I never really knew for sure how they did this, because it was always pretty dark when you'd see this character, but if you look closely at the two photos, I think the nose of the person can be seen in the "V" of the shirt and there is an eyeball on either side of that, which would mean the person is just wearing a "bloody stump" prosthetic on top of their head and probably "fake shoulders" to lengthen the appearance of the torso. Clever. I used to think that the person's head was down inside the shirt looking out through the clothing somehow.


Last up for today, we have a photo of Elvira walking down some stairs on the stage of the Goodtime Theater, formerly the John Wayne Theater, and now the Charles M Schulz Theater (and somewhere in there it was known as the Toyota Goodtime Theater) located in what was then known as the Roaring 20's area of the park, formerly the Gypsy Camp, and now the Boardwalk area. WHEW!


This photo was taken at the beginning of the show right after that disc with Elvira's face painted on it lit up and revealed her sihouette standing behind it....just like something out of a '70s variety show! I can only remember two of the songs that she sang in this particular show, "My Boyfriend's Drac," and "Chapel Of Love" ("We're going to the chapel and we're going to get buried"). Her show changed year after year and was always excellent. I wish she still performed at the Haunts....if she did, I would probably go just for that!

Friday, September 18, 2009

Farewell to Knott's Corkscrew!

Twenty years ago today, Knott's Berry Farm threw an employee farewell party for the Corkscrew. Commemorative buttons were handed out and employees were given a chance to ride the attraction one last time.

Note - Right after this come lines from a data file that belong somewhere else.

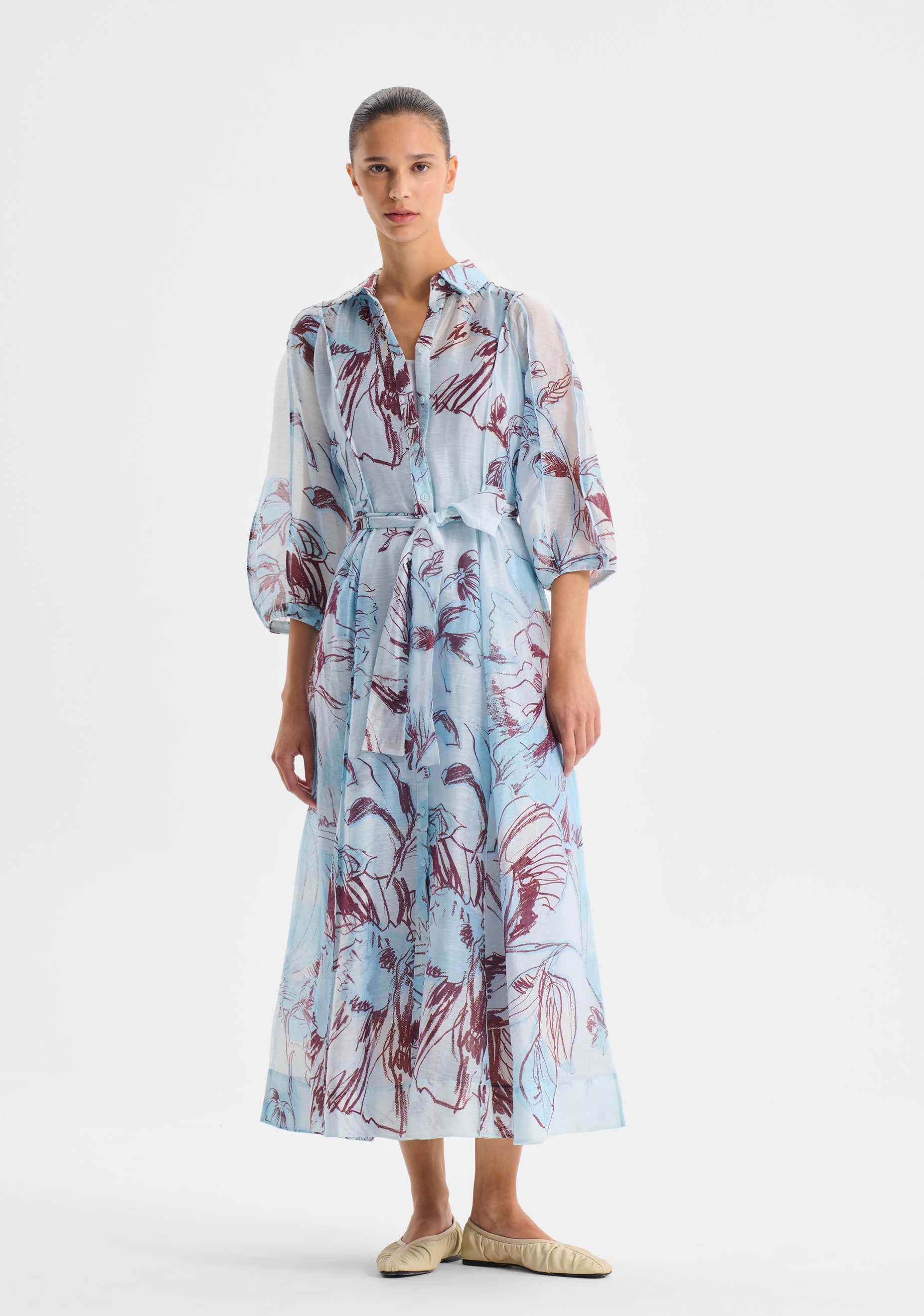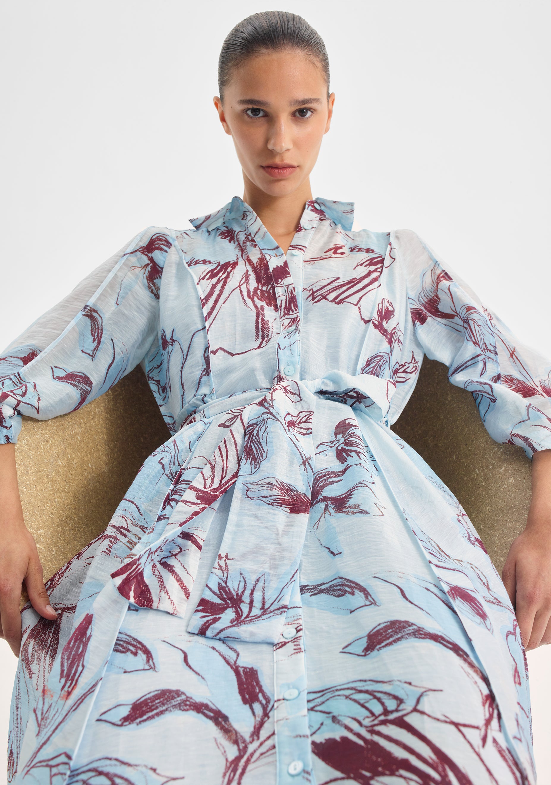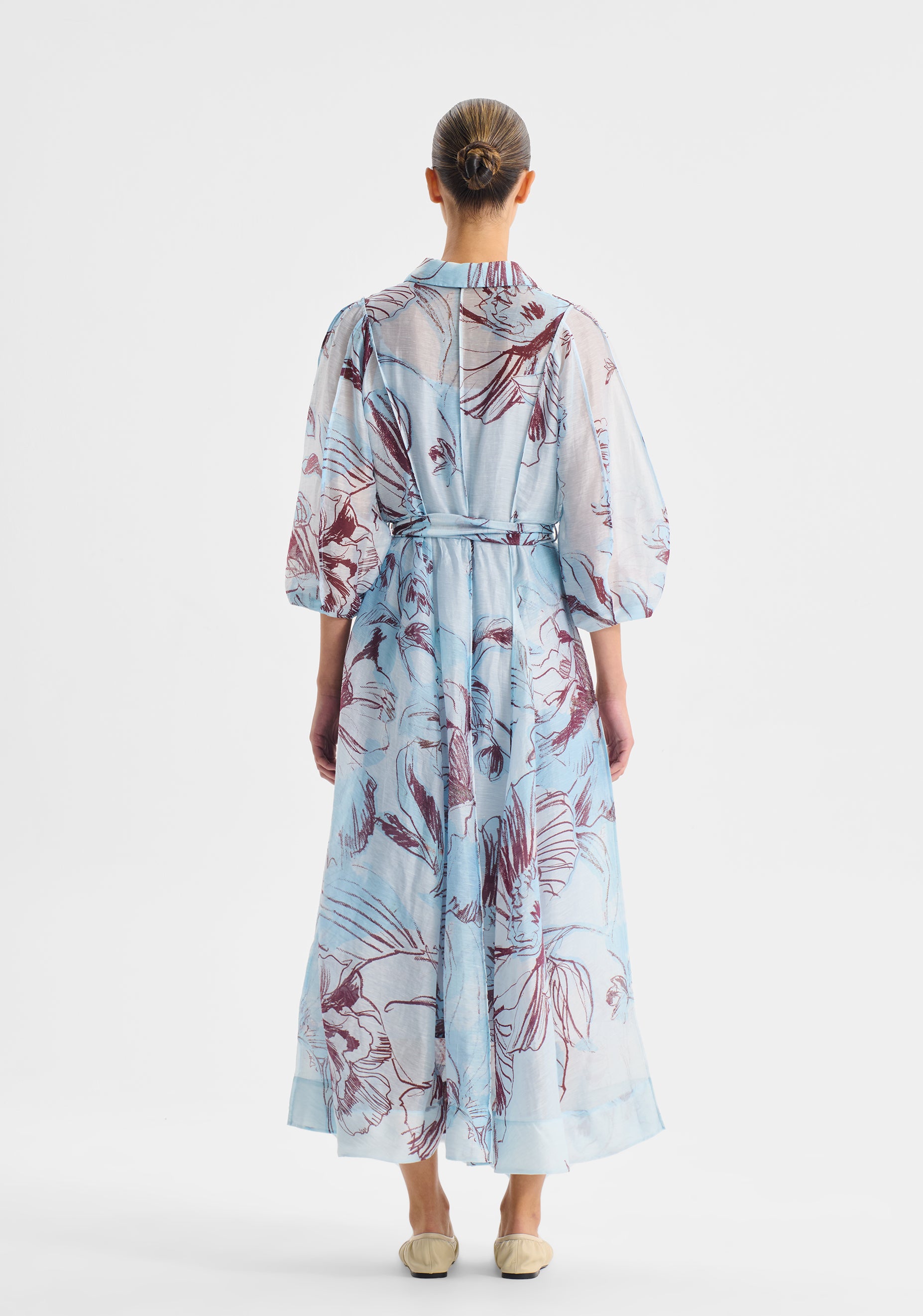 Crafted from a textured semi-sheer linen blend in Morrison’s exclusive print, the Mae Shirt Dress features a traditional collar, button front placket, and 3/4 panelled sleeves. Designed with pintuck detailing throughout, it fits neatly at the waist before falling to a full swing maxi skirt.
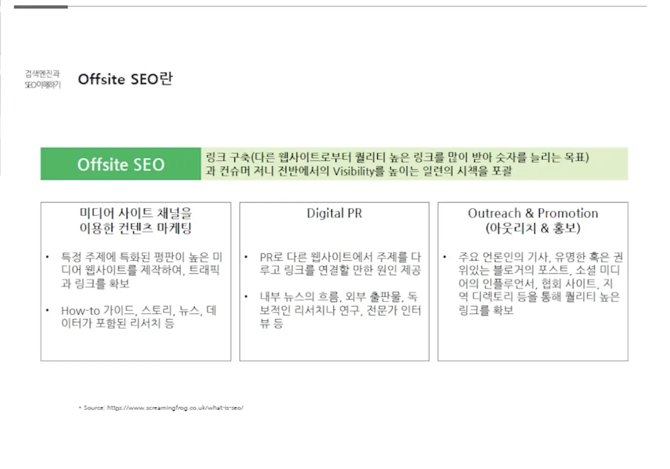 페이지 랭크 : 주변에서 나를 어떻게 평가하는지, 누가 나를 인용하는지에 따라 사이트 점수가 올라감. 주제에 맞는 다른 웹사이트나 미디어를 만들어 서로 상호보완적인 존재가 되도록(백링크)
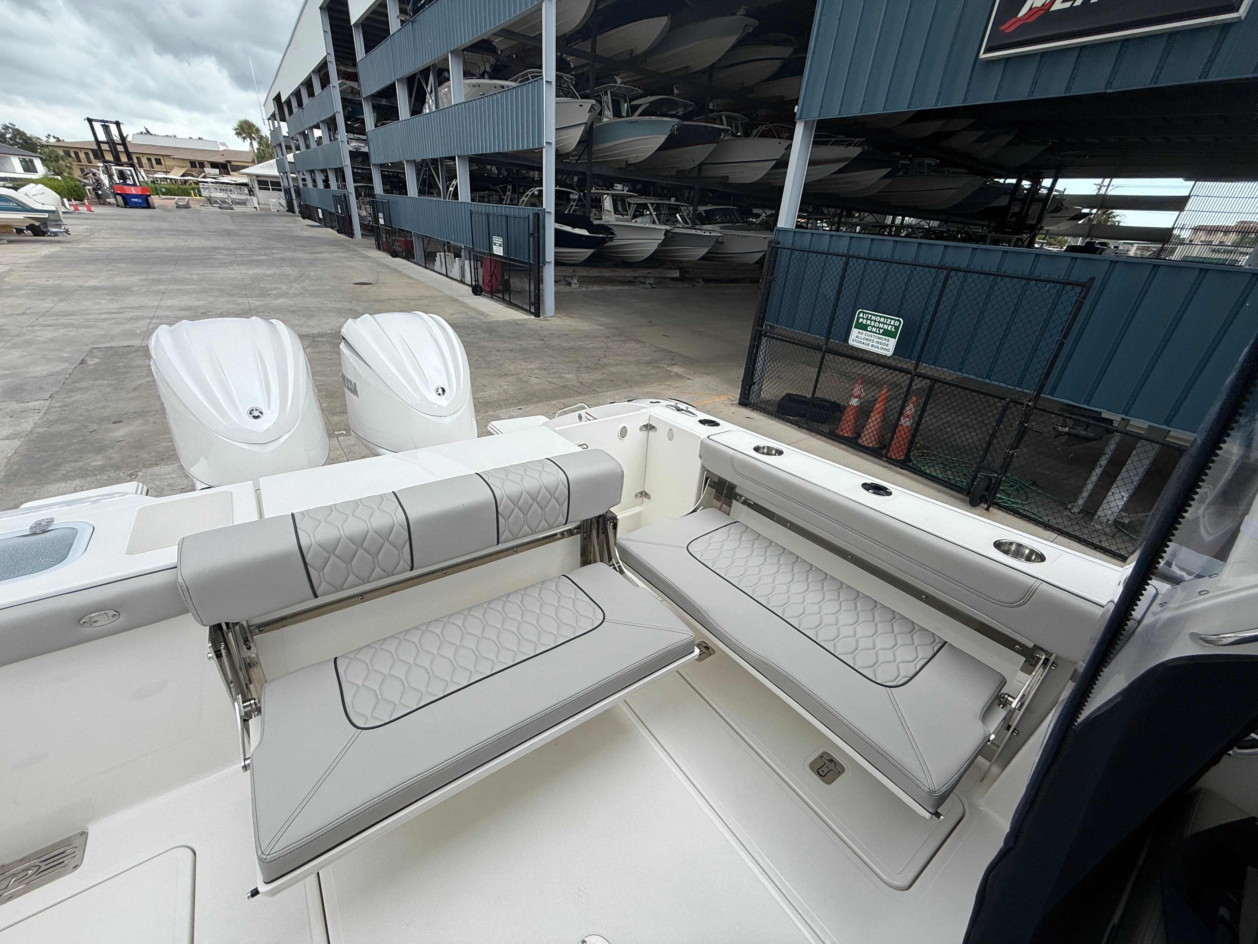 Practicality meets luxury in the Pursuit DC 306. The nearly 32-foot length offers ample storage for gear, water toys, and personal belongings, making it easy to keep the deck organized and clutter-free. The efficient twin engines not only deliver impressive power but also contribute to smooth, fuel-efficient cruising, helping you make the most of every trip.Dockside power and the integrated battery charger simplify overnight stays and extended outings, ensuring your onboard systems remain operational. The stowable sunshade and protective curtains make it easy to adapt to changing weather, while the twin engine covers safeguard your investment when the boat is not in use. The carbon-colored helm and footrest add a touch of style and comfort, making every journey a pleasure.
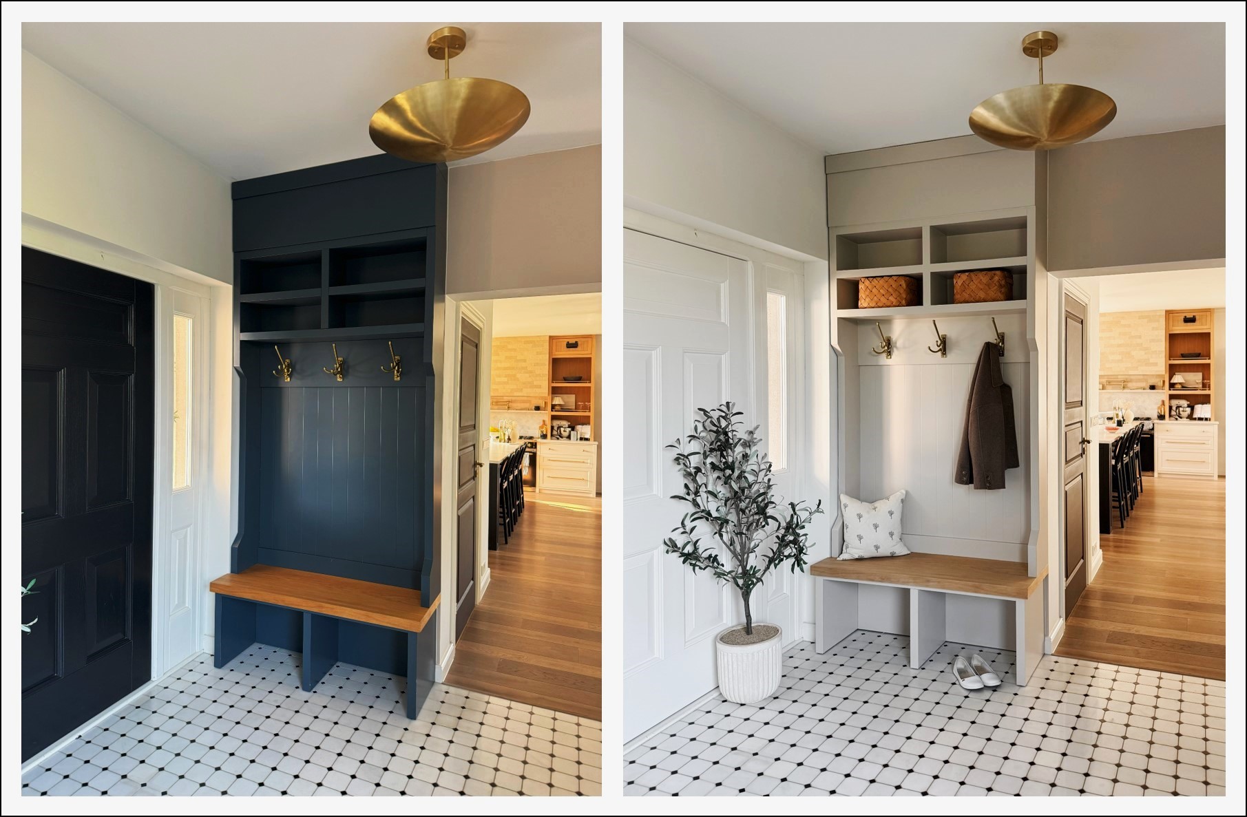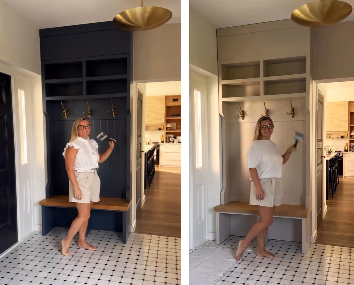 Jak mawia blogerka „Wszystko musi się zgrać”, dlatego nowy kolor zabudowy poszybował z jednej skali barwnej na jej drugi koniec. Ostatecznie Karolina wybrała pastelowy odcień NCS S 2005–Y50R, by zgodnie z przytoczoną powyżej regułą, dopasować kolor zabudowy z siedziskiem do koloru szafy, stojącej w innej części wiatrołapu.

Built by Arrow Dynamics, the Corkscrew opened at Knott's in 1975 and was the first modern inverting roller coaster in the U.S. There actually used to be a recorded welcome announcement in the queue stating this historical fact.

Here are three vintage Corkscrew postcards. The first one shows what it looked like when it first opened....the track and the supports were all painted white. Notice also that there is no Sky Jump parachute tower in the background. That came one year later when the Airfield area was added to the Roaring Twenties section of the park. I can't remember exactly when the Corkscrew's track was painted blue, but I believe it was shortly after the Airfield opened.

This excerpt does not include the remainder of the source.